Known as ‘La Primavera’, Milan-SanRemo has traditionally heralded the arrival of spring and on Sunday, following a week of blazing sunshine, heavy rain is expected. Following a series of landslides in Liguria, it prompted speculation the course could yet undergo changes, although the the Gazzetta dello Sport newspaper, citing local officials in Savona, rubbished those reports Thursday. With the experience of last year’s weather-induced chaos, Sagan added: “Last year’s experience was valuable for me because it showed me just how unpredictable and difficult this classic can be.”
Landslides in Liguria
Starting in Milan, the 105th edition is an arduous 294 kilometers although the removal of the Pompeiana, originally situated between the Cipressa and Poggio climbs in the final 30km, should ease things a little.

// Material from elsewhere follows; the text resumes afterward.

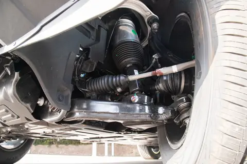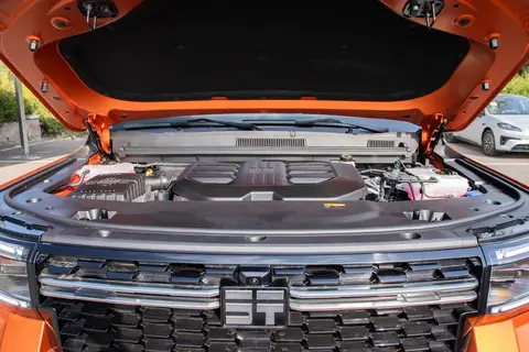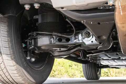 硬派越野的核心在于稳固的底盘架构。该车采用非承载式车身,车架刚性表现良好。在郊外穿越坑洼碎石路面时,车身没有出现多余的异响与形变,能够较好地 抵 御路面冲击。离地间隙处于合理水平,配合优化后的接 近角与 离 去 角,面对野外陡坡、浅滩、坑洼路段时,大多能平稳通过,无需过度担心底盘剐蹭。在体验过程中,遇到近30度的载物土坡,平稳给油即可  顺 利  登 顶,动力输出持续稳定。

It prompted reports the course could undergo late changes, following a series of landslides in Liguria, although the the Gazzetta dello Sport newspaper, citing local officials in Savona, rubbished those reports Thursday.
Sagan, as well as former winner Fabian Cancellara, will be hoping for the toughest race possible to eliminate as many sprinters as possible before a finale on a home straight on which, against the fast men of the peloton, the pair’s chances would be drastically reduced.
Tour de France sprint king Mark Cavendish won the race in 2009 when he pipped Heinrich Haussler at the finish and lines up with another former winner, Alessandro Petacchi, alongside him in his Omega-Pharma team. Cavendish also underlined his pre-race form with a stage win at Tirreno-Adriatico, but despite having fast legs has enough experience to know that, on the day, victory in SanRemo can be a lottery.
“There are so many variables at Milan-San Remo, and that is what makes it beautiful,” Cavendish said. “It’s not an easy race just because it ends in a sprint. Anyone on the start line can win, and there is no other Classic or race like that. It’s a long race, the easiest to finish, but the hardest to win.”
Andre Greipel, meanwhile, spearheads Lotto’s hopes although the Belgian team’s focus could switch to Frenchman Tony Gallopin or Belgian Juergen Roelandts if the German is dropped on either the Cipressa or Poggio. Also in contention is Cancellara, the 2008 winner who finished runner-up in both 2011 and 2012 to Australians Matt Goss and Simon Gerrans respectively and third last year.
Cancellara, like Sagan, will contrive to make sure the field is devoid of as many sprinters as possible for the finale, but his team manager at Trek, Luca Guarcilena, admitted the change of course has reduced that possibility.
“A more exacting course would have been welcome,” he said. “We have to find a way to make sure the race doesn’t finish in a bunch sprint.”